Current approaches to OR51B4-based biosensors:

• Cell-based systems: Heterologous expression in cells engineered with reporter genes

• Protein-based systems: Purified receptor incorporated into artificial membrane systems

• These systems can translate receptor activation into measurable signals (fluorescence, electrical, etc.)

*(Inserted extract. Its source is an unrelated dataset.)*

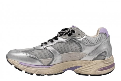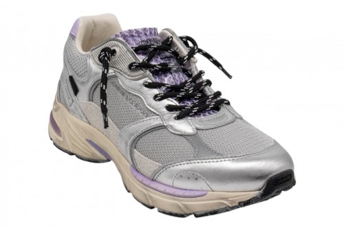 Tomaia in tessuto e lamina grigi, dettagli in suede bianco

Advantages of OR51B4 as a biosensor:

• Ability to detect compounds not amenable to detection using other biological scaffolds

• Potential for high sensitivity to specific chemical classes

• Capability to distinguish between structurally similar compounds

• Biological relevance of detection (i.e., compounds that can trigger physiological responses)

Technical challenges:
Several obstacles must be overcome for effective OR51B4-based biosensors:

• Limited knowledge of specific ligands that activate OR51B4

• Challenges in functional expression outside of native cellular environment

• Need for orthogonal signaling cascades for multiplex activation

• Requirement for improved receptor stability in sensing platforms

Future directions:
Research is advancing toward:

• Deorphanization of OR51B4 using in silico, experimental, and machine learning approaches

• Development of cell-free systems for more practical deployment

• Integration with microfluidic and electronic platforms for signal amplification

• Combination with other sensing modalities for broader detection capabilities

As these challenges are addressed, OR51B4-based biosensors could find applications in environmental monitoring, food safety, medical diagnostics, and security screening.

What are the current challenges and future directions in OR51B4 research?

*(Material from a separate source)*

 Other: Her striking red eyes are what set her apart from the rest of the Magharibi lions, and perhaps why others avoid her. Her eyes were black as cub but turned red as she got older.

The field of OR51B4 research faces several challenges but also offers exciting opportunities for future investigation:

Current research limitations:

• Deorphanization challenges: Limited knowledge of the full spectrum of ligands that activate OR51B4

• Expression difficulties: Achieving functional expression of OR51B4 in heterologous systems remains technically challenging

• Signaling complexity: Incomplete understanding of the diverse signaling pathways activated in different cellular contexts

• Functional redundancy: The combinatorial nature of olfactory coding makes it difficult to isolate specific functions of OR51B4

Emerging research directions:

• Single-cell analysis: Further application of single-cell transcriptomics to understand OR51B4 expression patterns in health and disease

• Cancer implications: Exploring the relationship between OR51B4 expression, tumor cell differentiation, and cancer prognosis

• Therapeutic targeting: Development of specific OR51B4 modulators for potential therapeutic applications, particularly in colorectal cancer

• Biosensing applications: Advancing the use of OR51B4 as a chemical sensing scaffold for environmental and biomedical applications

Methodological innovations needed:

• Improved techniques for functional expression of OR51B4 in various systems

• Development of more selective agonists and antagonists

• Advanced imaging methods to visualize OR51B4 trafficking and signaling in real-time

• In silico modeling approaches to predict ligand-receptor interactions

The continued investigation of OR51B4 promises to enhance our understanding of its roles beyond olfaction, potentially leading to novel diagnostic and therapeutic applications.